• Problem description
Among the entries below, the lines from the one with "Крабовые палочки, Рис" up to and including the one with "Lokalizacja tej nieruchomości" are to be restated exactly, without pictures.

(Excerpts from a dataset)
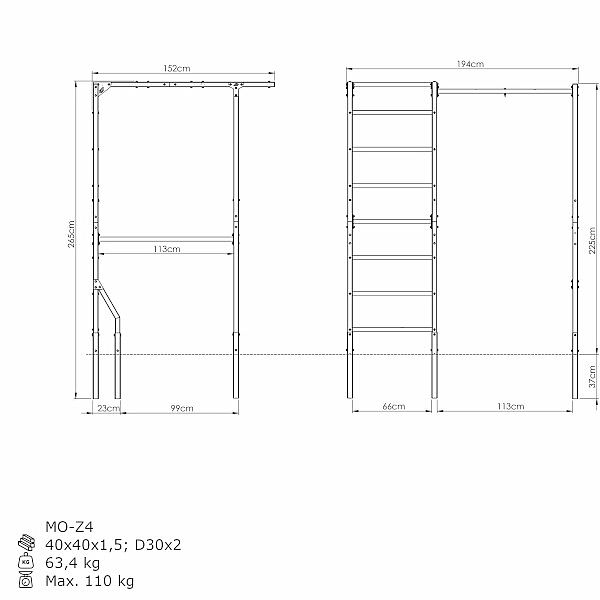 Popis: Venkovní žebřiny a hrazda MARBO MO-Z4
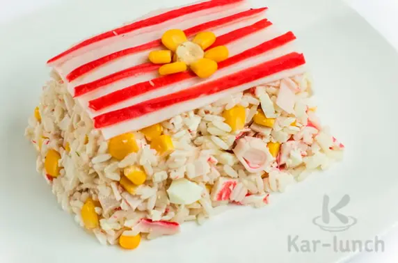 Крабовые палочки, Рис длиный ( Шахзаде), Огурцы, Кукуруза, Укроп, Майонез МЖК, Соль
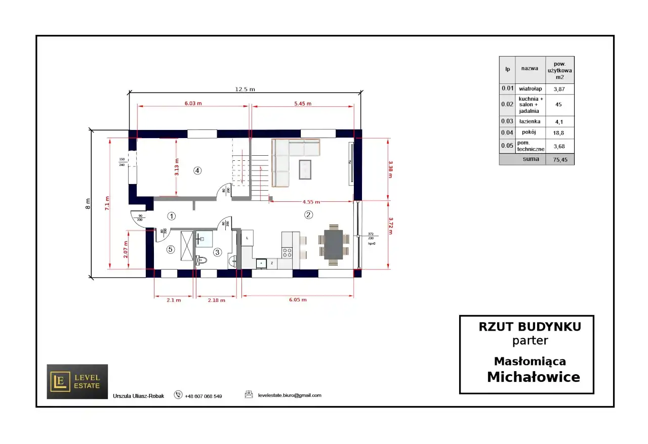 Lokalizacja tej nieruchomości w gminie Michałowice to świetna opcja dla rodzin, które szukają wygodnego, spokojnego miejsca do życia z przestrzenią i komfortem.
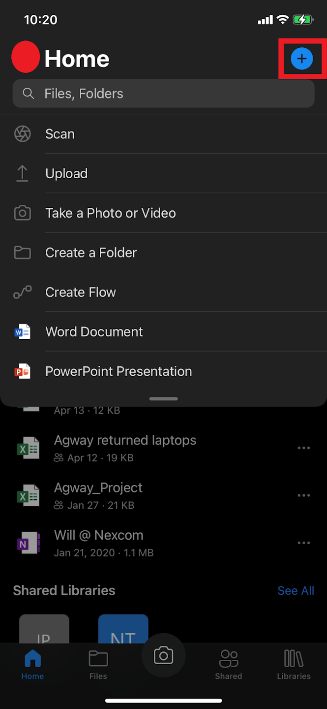 Then tap to Take a photo, Scan a document, Create a folder or Upload a file or photo.
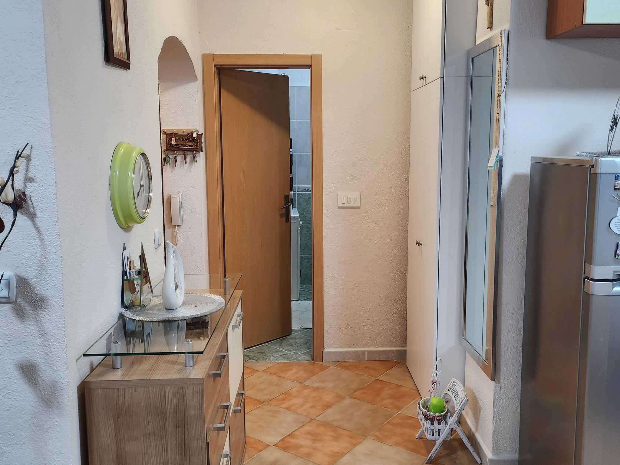 Ferienwohnung bietet Platz für 6 Gäste. Die Betten sind in Schlafzimmern, die es 2 gibt, und in Wohnzimmer, innerhalb einer Gesamtfläche von 60m2, angeordnet. Die Gäste haben eine eigene Terrasse zur Verfügung, auf der sie in warmen Sommernächten genießen können. Das Apartment bietet Meerblick. Es ist erlaubt, Speisen auf dem Gemeinschafts-Grill vorzubereiten. In der Unterkunftseinheit besteht die Möglichkeit des Mitbringens von Haustieren gegen Aufpreis. IM PREIS INBEGRIFFEN: Kurtaxe, Endreinigung, Parkplatz, Internet, Kinderbett, Bügeleisen, Bügelbrett, Föhn, tragbarer Grill. VERBINDLICHE ZUSÄTZLICHE KOSTEN: Aufzahlung für Kurzaufenthalte (prozentualer Zuschlag pro Nächtigungsanzahl: 30% - 1, 20% - 2, 10% - 3). UNVERBINDLICHE ZUSÄTZLICHE KOSTEN: Klimatisierung (10,00 € pro Nacht), Haustiere (10,00 € pro Nacht), Zusatzbett (10,00 € pro Nacht). Die Verfügbarkeit zusätzlicher Dienstleistungen in Ihrem reservierten Termin und die Preise derselben (falls nicht aufgeführt) müssen im Voraus überprüft werden. Zusätzliche Dienstleistungen die in der Zahlungsaufforderung nicht aufgeführt sind werden direkt beim Vermieter bezahlt, angenommen der Gast nutzt auch diese. Ermäßigung auf den Grundpreis: Gratistag 14=13 (bei einem Aufenthalt von 14 Tagen oder mehr erhalten Sie einen Gratistag für den Aufenthalt bis 31.12.26).
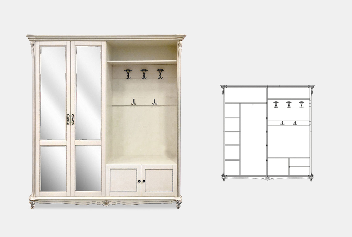 ✅ Правая/левая сторона определяется по расположению крючков. Если Вам необходимо, чтобы крючки были с правой стороны, вам нужно выбирать правый шкаф.
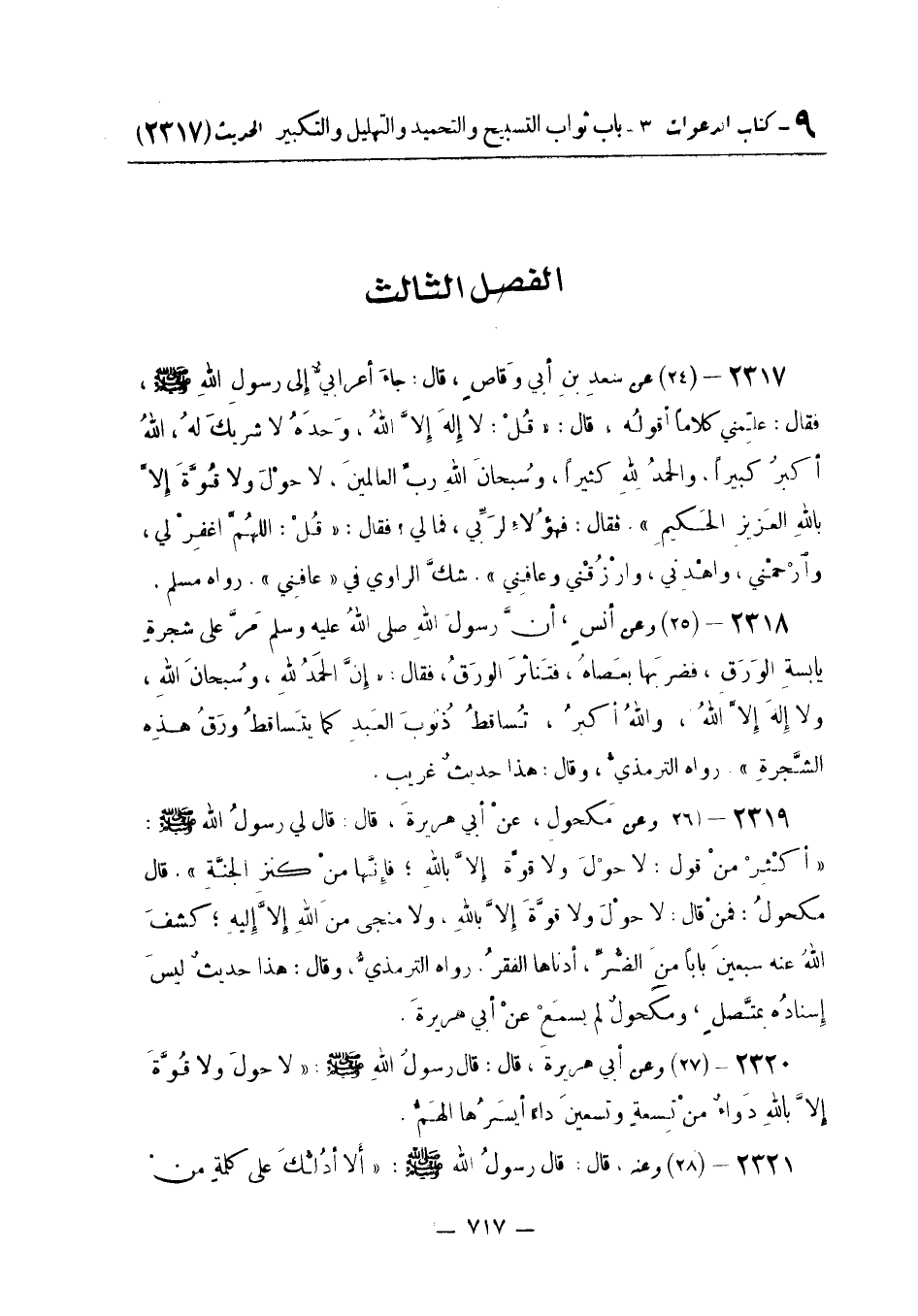 وَعَن مَكحولِ عَنْ أَبِي هُرَيْرَةَ قَالَ: قَالَ رَسُولُ اللَّهِ صَلَّى اللَّهُ عَلَيْهِ وَسَلَّمَ: " أَكْثِرْ مِنْ قَوْلِ: لَا حَوْلَ وَلَا قُوَّةَ إِلَّا بِاللَّهِ فَإِنَّهَا مِنْ كَنْزِ الْجَنَّةِ ". قَالَ مَكْحُولٌ: فَمَنْ قَالَ: لَا حَوْلَ وَلَا قُوَّةَ إِلَّا بِاللَّهِ وَلَا مَنْجًى مِنَ اللَّهِ إِلَّا إِلَيْهِ كَشَفَ اللَّهُ عَنْهُ سَبْعِينَ بَابًا مِنَ الضُّرِّ أَدْنَاهَا الْفَقْرُ. رَوَاهُ التِّرْمِذِيُّ. وَقَالَ: هَذَا حَدِيثٌ لَيْسَ إِسْنَادُهُ بِمُتَّصِلٍ وَمَكْحُولٌ لَمْ يَسْمَعْ عَنْ أَبِي هُرَيْرَةَ
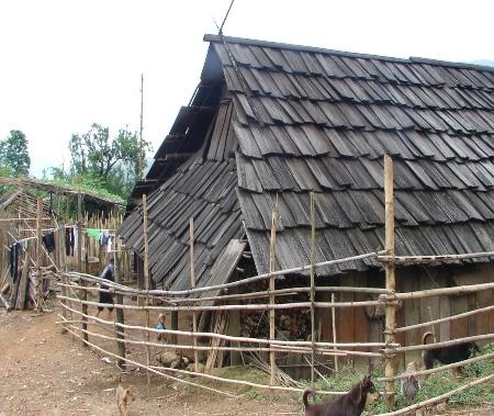 Ngôi nhà đều bằng gỗ pơ mu, chiếc cột cạnh lò nấu cám lợn đen nhánh và nhẵn như sừng, bởi hàng ngày cụ và các con cháu vịn vào đó để đảo cám. Mái nhà cũng vậy, lớp ngói phía dưới cụ chẻ từ cây pơ mu cỡ hai người ôm, mỗi năm lợp vài chục tấm, rồi khi các con cháu lớn lên chúng tiếp tục chẻ gỗ làm ngói lợp nhà. Ngôi nhà dài hun hút lúc nào cũng khói nghi ngút.

• Final answer
 Крабовые палочки, Рис длиный ( Шахзаде), Огурцы, Кукуруза, Укроп, Майонез МЖК, Соль
 Lokalizacja tej nieruchomości w gminie Michałowice to świetna opcja dla rodzin, które szukają wygodnego, spokojnego miejsca do życia z przestrzenią i komfortem.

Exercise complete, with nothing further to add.